Baoyu disse a Miaoyu, com um sorriso conciliador: “Aquela xícara, embora esteja suja, não seria uma pena jogá-la fora? Na minha opinião, é melhor dá-la àquela velha pobre; ela pode vendê-la para ganhar a vida. O que achas?” Miaoyu pensou por um momento, assentiu e disse: “Está bem. Felizmente, aquela xícara nunca foi usada por mim; se eu a tivesse usado, teria quebrado em pedaços antes de dá-la a ela. Se queres dá-la a ela, não me importo, entrego-a a ti; leva-a depressa.” Baoyu disse, rindo: “Naturalmente. Como poderias falar com ela e dar-lhe algo diretamente? Isso te sujaria ainda mais. Basta entregá-la a mim.” Miaoyu então mandou alguém buscar a xícara e entregá-la a Baoyu. Baoyu a recebeu e perguntou: “Quando sairmos, posso mandar alguns criados buscarem alguns baldes de água do rio para lavar o chão?” Miaoyu riu: “Ainda melhor. Mas ordena-lhes que deixem a água do lado de fora do portão da montanha, junto ao muro, e não entrem.” Baoyu disse: “Claro.” Enquanto falava, guardou a xícara na manga e entregou-a a uma criada do aposento da matriarca Jia, dizendo: “Amanhã, quando a avó Liu voltar para casa, dá-lhe isto para levar.” Depois de dar as instruções, a matriarca Jia já tinha saído para ir embora. Miaoyu não insistiu em retê-los; acompanhou-os até o portão da montanha, virou-se e fechou a porta.
A avó Jia, sentindo-se cansada e sonolenta, ordenou que a senhora Wang e as primas Yingchun a acompanhassem para beber vinho com a tia Xue, enquanto ela própria foi descansar na Aldeia do Arroz Aromático. Xifeng apressou-se a mandar trazer a cadeirinha de bambu, na qual a avó Jia se sentou. Duas criadas idosas a carregaram, e Xifeng, Li Wan e muitas criadas e aias a seguiram, não sendo mais necessário falar disso.

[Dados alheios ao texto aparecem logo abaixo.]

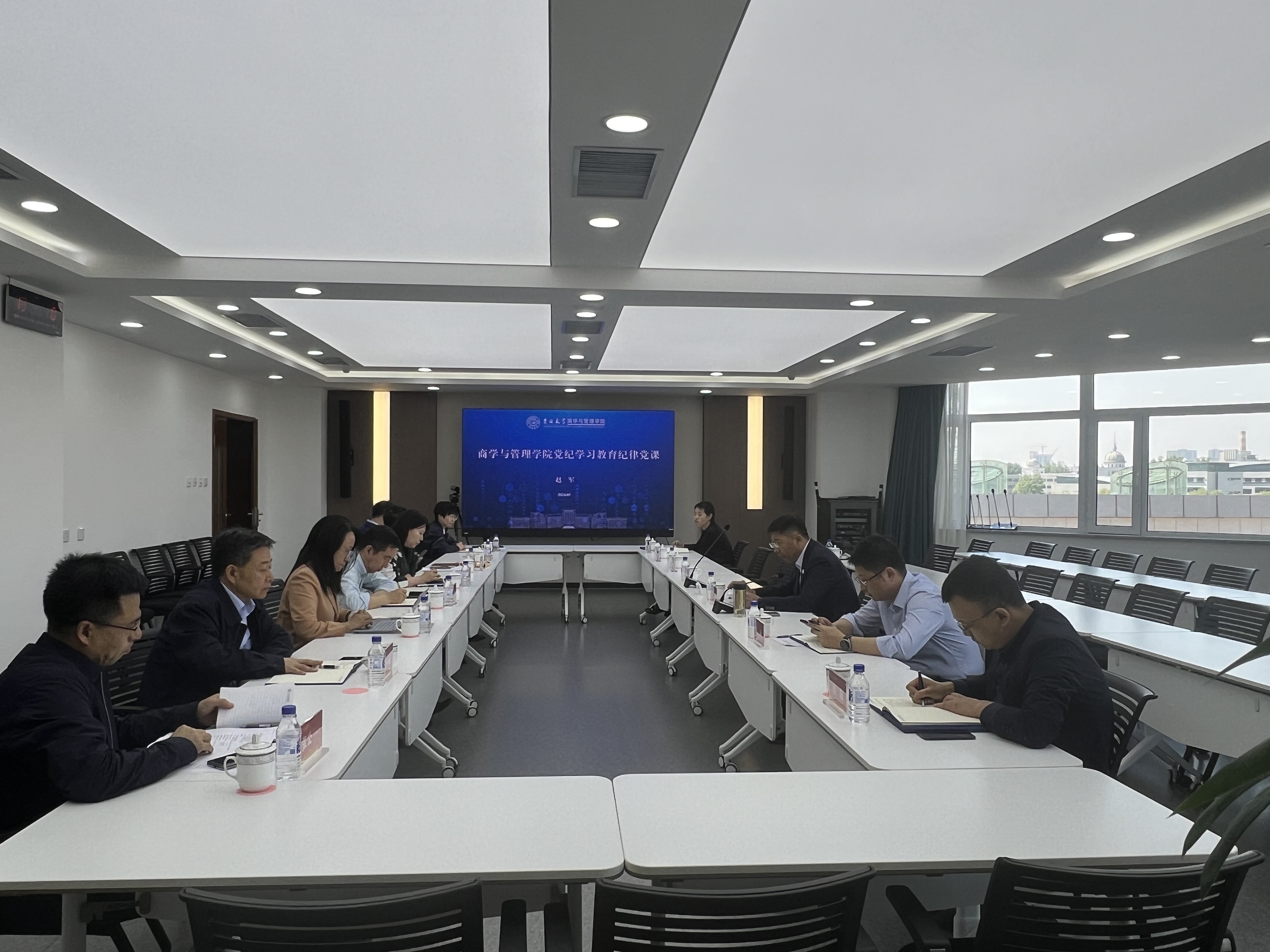 党委书记赵军在理论学习中心组集体学习会议上讲授题为《学纪·知纪·明纪·守纪》的纪律党课。学院领导班子成员、党委理论学习中心组全体成员参会。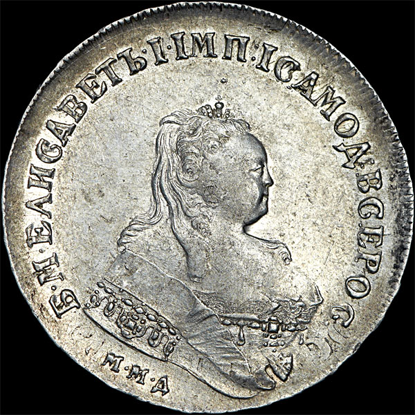 AU 55. Остаточный штемпельный блеск. Светлая серовато-бежевая патина. Перечеканенные рубли 1745 года встречаются крайне редко. Интересный коллекционный экземпляр.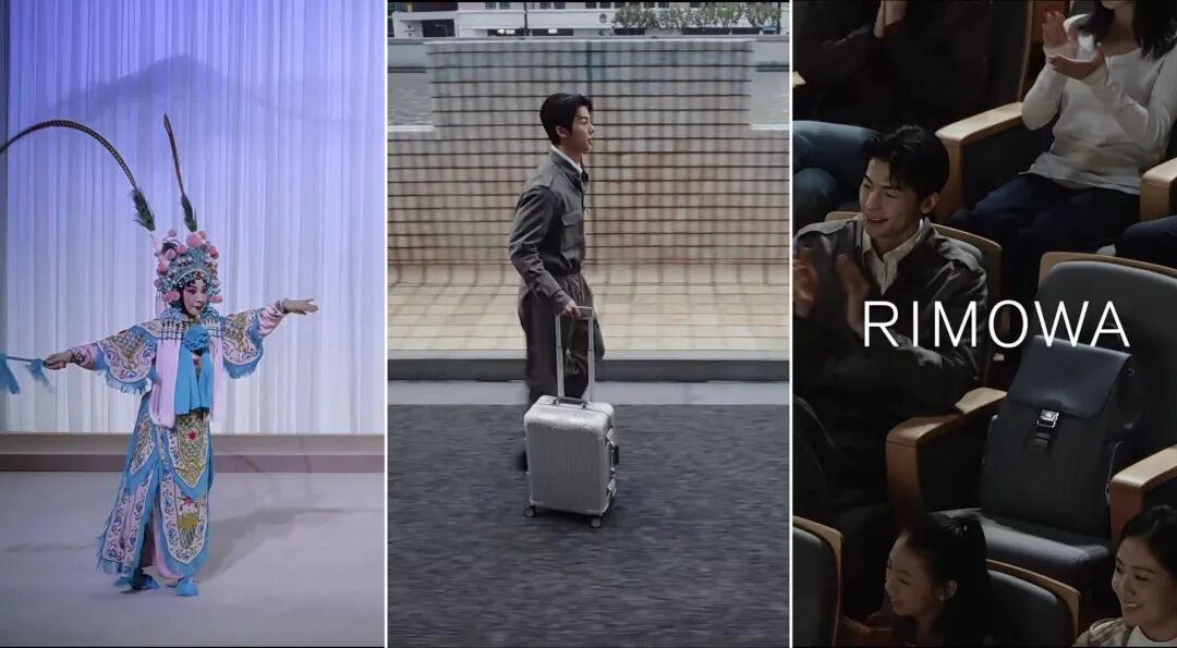 比如RIMOWA的「心驰万里风,天马当行空」大片,找了一个特别绝的切口——京剧里的「趟马」(戏曲艺术里独特的表演技巧,以形体、手势与马鞭道具,在舞台上构建出策马疾驰的生动场景),一句没提马,处处都是马。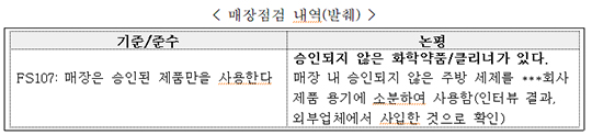 가맹점 점검시 해당 제품들을 사용하는지 확인하고 사용하지 않은 경우 가맹점 평가점수에서 감점했다. 실제로 다음 매장점검 내역과 같이 일부 가맹점은 지정된 주방세제가 아닌 다른 세제를 지정된 주방세제 용기에 소분해 사용하다가 적발돼 감점된 사실이 있다.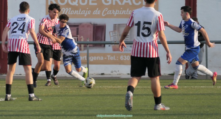 Partido de la jornada 18 de la Liga Autonómica juvenil de la Región de Murcia disputado en el campo Sánchez Luengo de El Algar (Cartagena) ante un centenar de espectadores.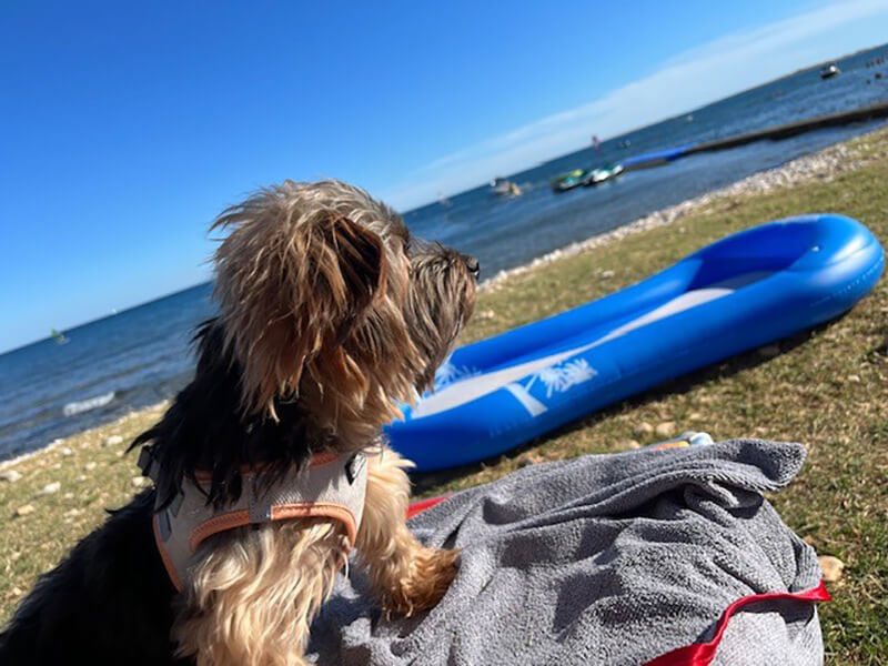 Wir haben Minni von Anfang an überall hin mitgenommen. Sie ist nun seit 4 Monaten bei uns und war 3 Mal in Kroatien, einige Male in Wien, in Kärnten, in den obersteirischen Bergen, kurz und gut, Minni ist fast überall dabei.

Aqui, a tia Xue também se despediu e saiu. A senhora Wang mandou Wenguan e as outras saírem, distribuiu as caixas de petiscos para as aias comerem e, aproveitando o tempo livre, reclinou-se no sofá onde a avó Jia estivera sentada, ordenou a uma criada que baixasse a cortina e a outra que lhe massajasse as pernas, instruindo: "Se houver notícias da velha senhora, chame-me." Dito isso, também se deitou e adormeceu.
Baoyu e Xiangyun, juntamente com os outros, observavam as aias colocarem as caixas de petiscos sobre as rochas. Alguns sentavam-se nas pedras, outros na relva, outros encostavam-se às árvores, e outros perto da água, criando uma cena bastante animada. Pouco depois, viram Yuanyang chegar, que levou a Avó Liu para passear por vários lugares, e todos se juntaram para fazer troça. Chegaram sob o arco triunfal da "Vila da Visita Imperial", e a Avó Liu exclamou: "Ai, ai! Aqui há um grande templo!" Dizendo isso, ajoelhou-se e fez uma reverência. Todos riram a ponto de se dobrarem. A Avó Liu disse: "Do que estão rindo? Conheço todas as palavras neste arco. Na minha terra, há muitos templos assim, todos com estes arcos, e as palavras são os nomes dos templos." Todos riram e disseram: "Sabes que templo é este?" A Avó Liu ergueu a cabeça, apontou para as palavras e disse: "Não são estas as quatro palavras 'Palácio Precioso do Imperador de Jade'?" Todos riram a bater palmas e dar pontapés, querendo continuar a ridicularizá-la. A Avó Liu sentiu um rebuliço no ventre, agarrou apressadamente uma criada, pediu duas folhas de papel e começou a despir-se. Todos riram e gritaram: "Aqui não podes!" Mandaram rapidamente uma criada idosa levá-la para o lado nordeste. A criada indicou-lhe o local e, satisfeita, foi descansar.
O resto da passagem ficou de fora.